▸ Given entries:
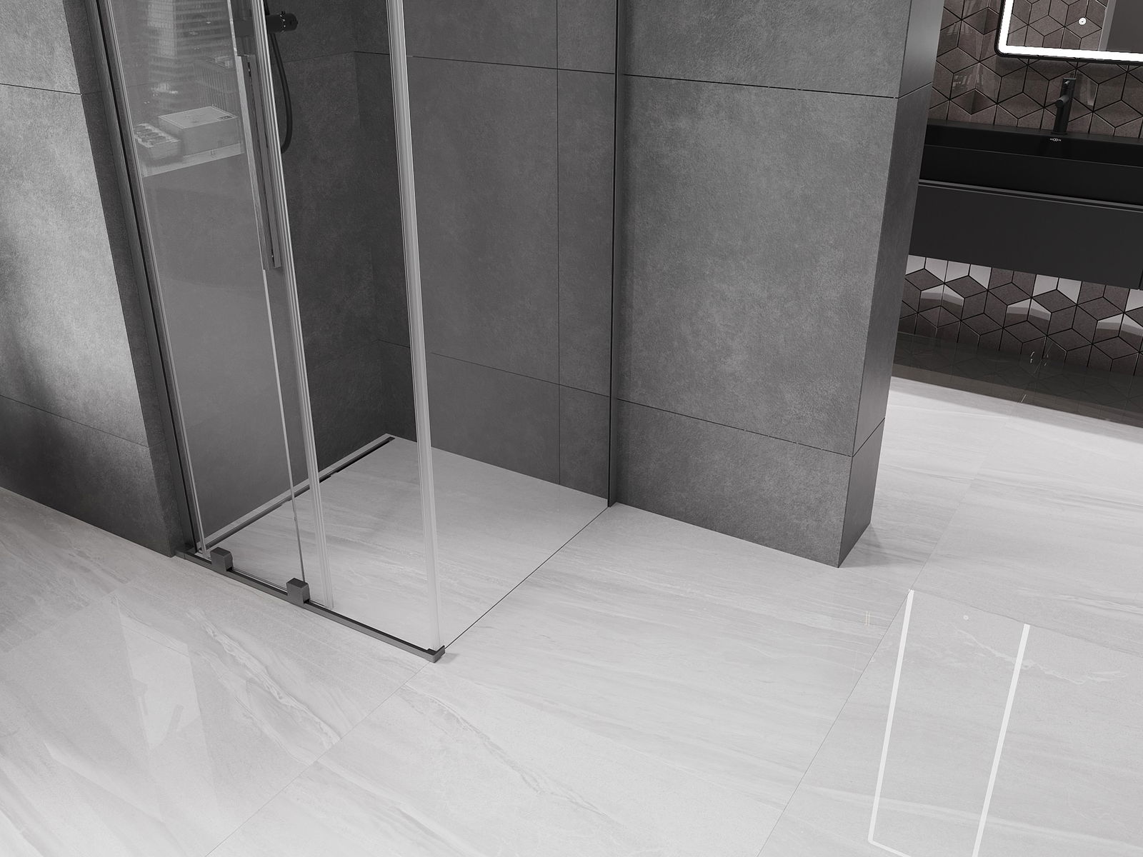 Mexen Velar L συρόμενη καμπίνα ντους 110 x 110 cm, διαφανές, βουρτσισμένο γκρι
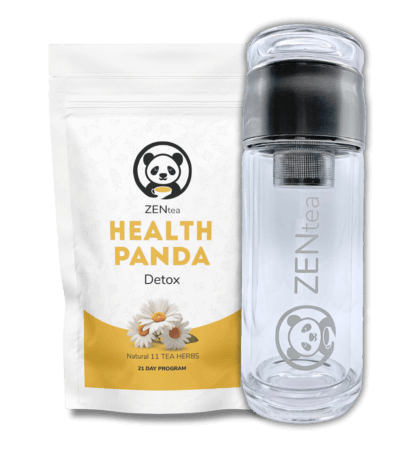 Τσάι αποτοξίνωσης και μπουκάλι με σουρωτήρι
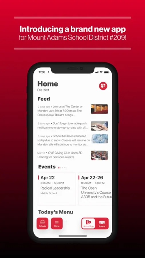 The event section shows a list of events throughout the district. Users can add an event to your calendar to share the event with friends and family with one tap.
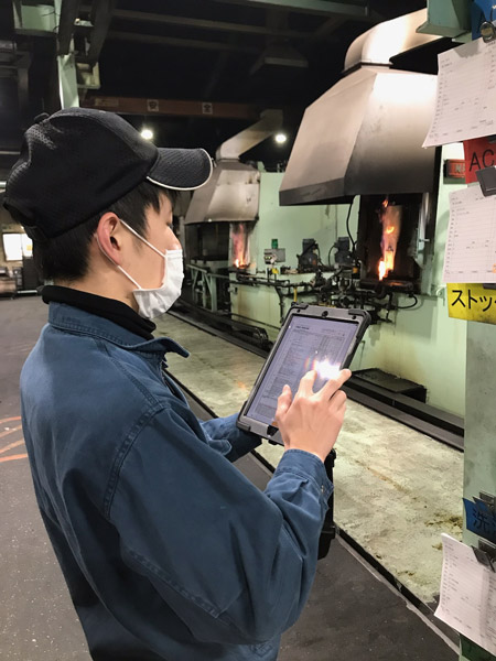たとえば熱処理加工の場合、適正な範囲内で処理されているかどうかを観察することで、不良率を下げることができる。従来は、処理内容を鉛筆で記録し、事後にデータ入力して分析していた。それが作業中に入力できるようになると、リアルタイムで状況を分析し、不良率減少の調整ができるようになる。デジタル化によって、継続的、安定的な加工体制を組み立てやすくなるのだ。
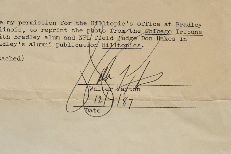 granting Bradley University permission to use likeness in alumni publication. Signed and dated by Payton in black ink.
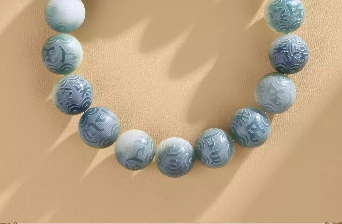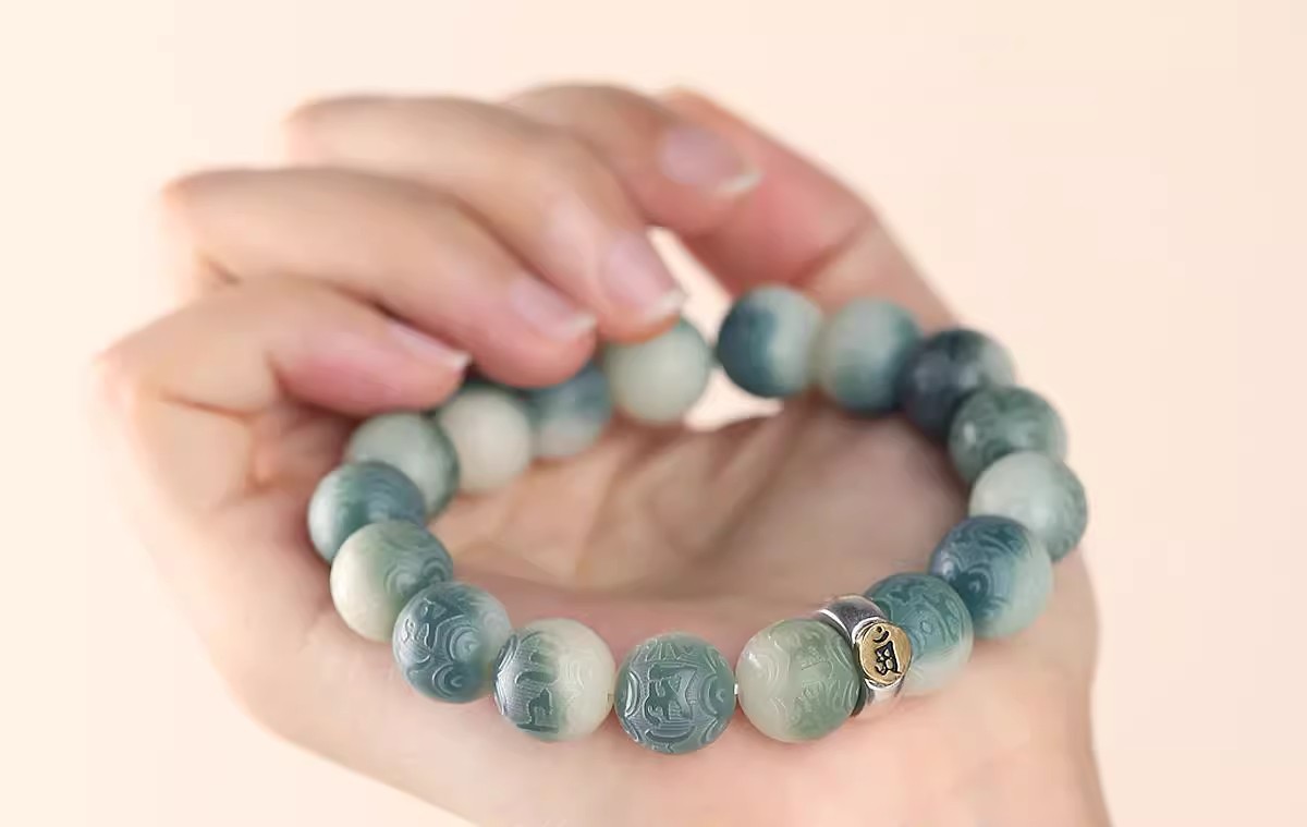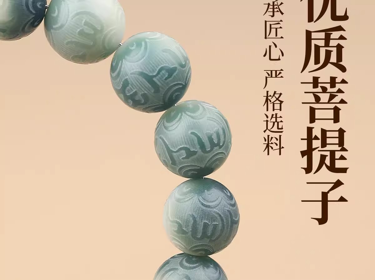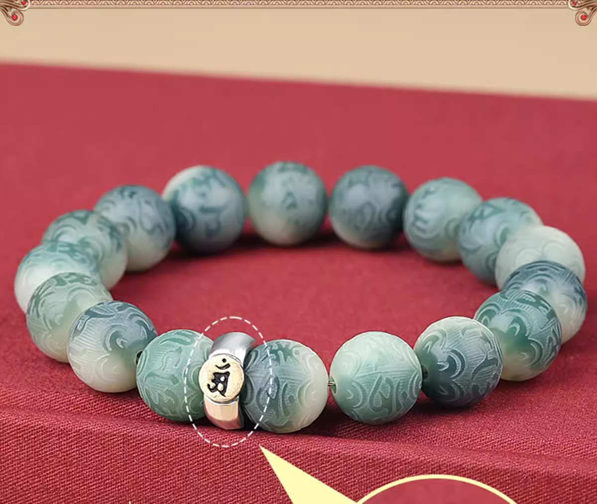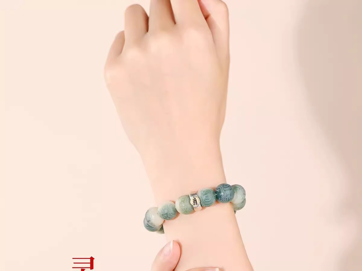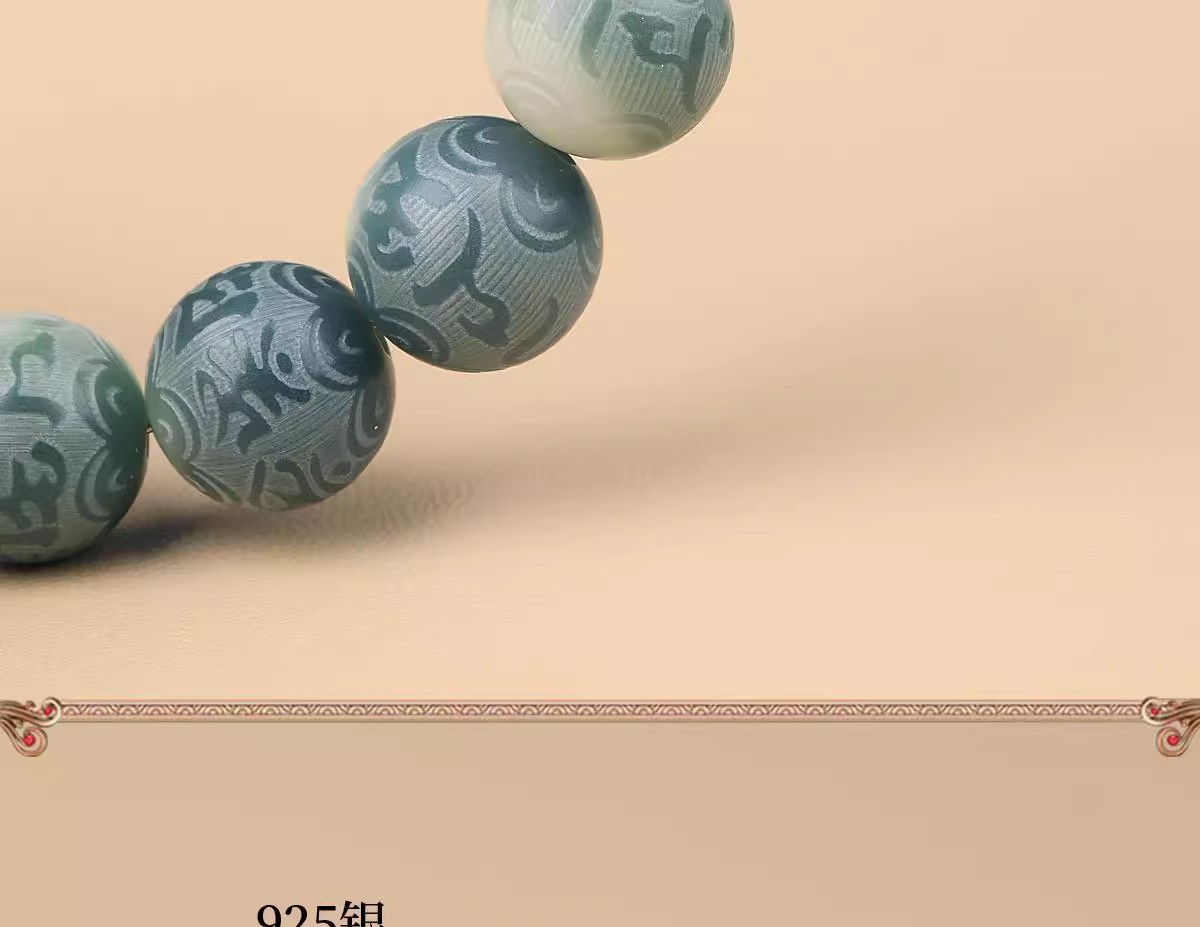 绿飘花六字真言菩提手串十二生肖本命年绕指柔佛珠文玩手链批发
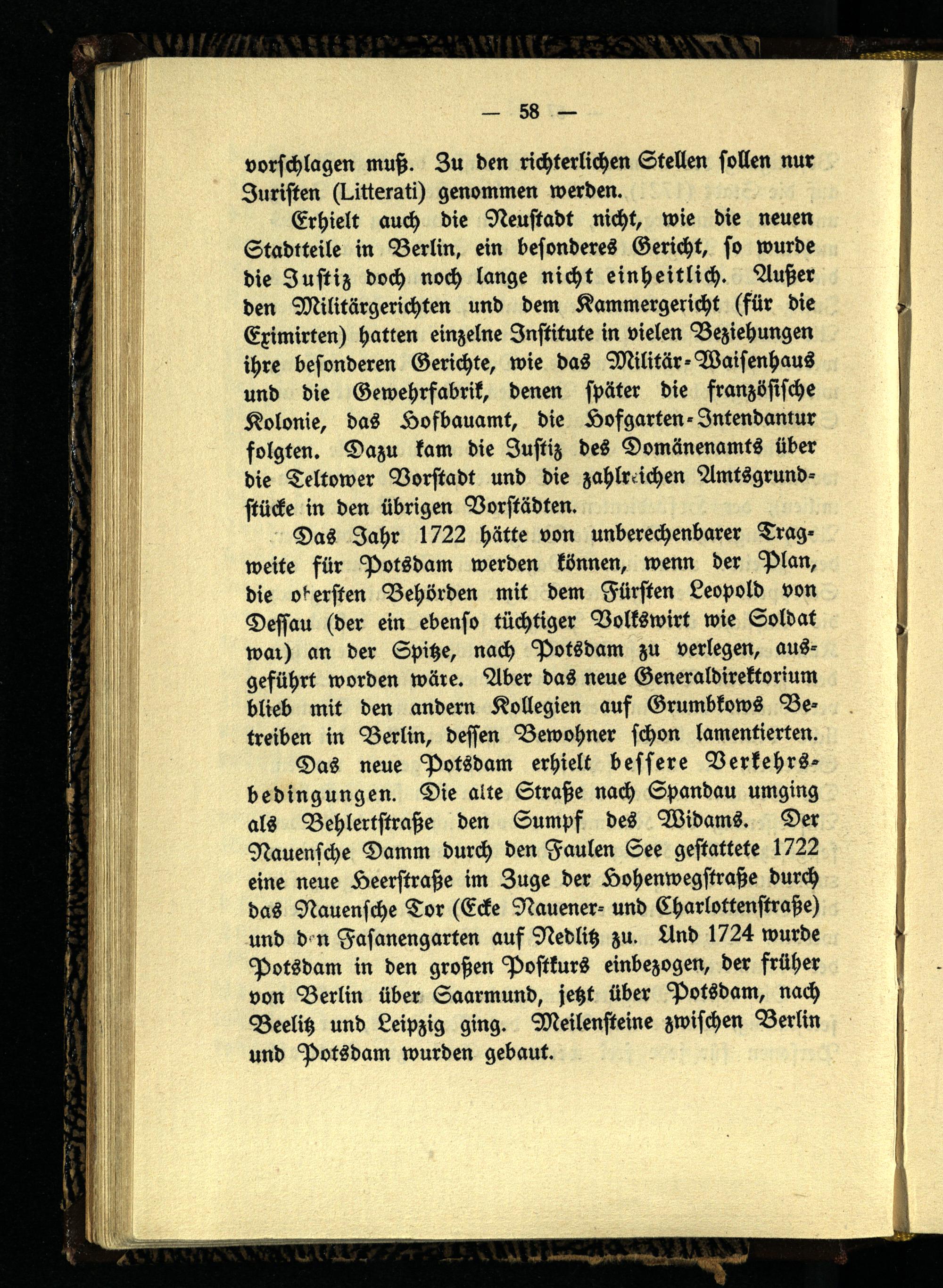 Das Jahr 1722 hätte von unberechenbarer Tragweite für Potsdam werden können, wenn der Plan, die obersten Behörden mit dem Fürsten Leopold von Dessau (der ein ebenso tüchtiger Volkswirt wie Soldat war) an der Spitze, nach Potsdam zu verlegen, aus- geführt worden wäre. Aber das neue Generaldirektorium blieb mit den andern Kollegien auf Grumbkows Betreiben in Berlin, dessen Bewohner schon lamentierten.
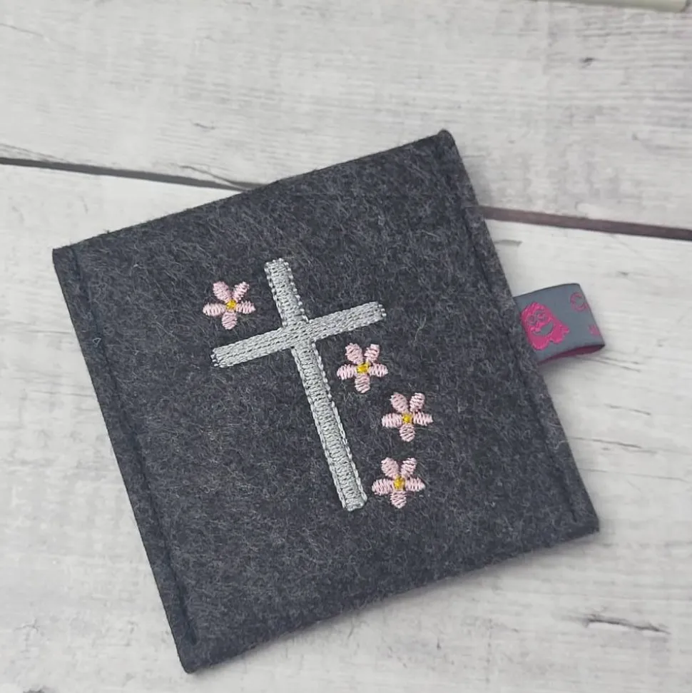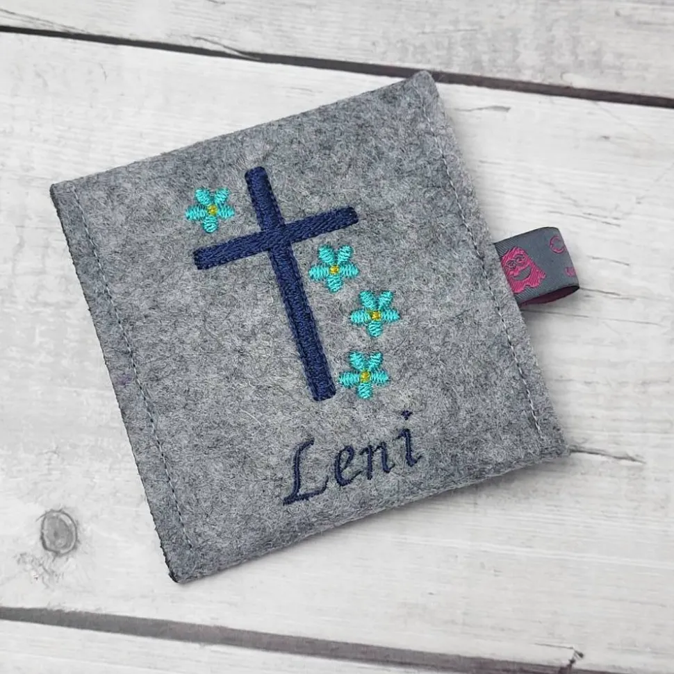 Sie können aussuchen welche Filzfarbe sie haben möchten. Auch die Stickfarbe der Stickerei kann frei gewählt werden.

▸ What is being asked:
The copy must begin at the line containing "Das Jahr 1722" and end at the last line of the data above, with every line retyped exactly and no pictures included.

▸ The completed task:
 Das Jahr 1722 hätte von unberechenbarer Tragweite für Potsdam werden können, wenn der Plan, die obersten Behörden mit dem Fürsten Leopold von Dessau (der ein ebenso tüchtiger Volkswirt wie Soldat war) an der Spitze, nach Potsdam zu verlegen, aus- geführt worden wäre. Aber das neue Generaldirektorium blieb mit den andern Kollegien auf Grumbkows Betreiben in Berlin, dessen Bewohner schon lamentierten.
 Sie können aussuchen welche Filzfarbe sie haben möchten. Auch die Stickfarbe der Stickerei kann frei gewählt werden.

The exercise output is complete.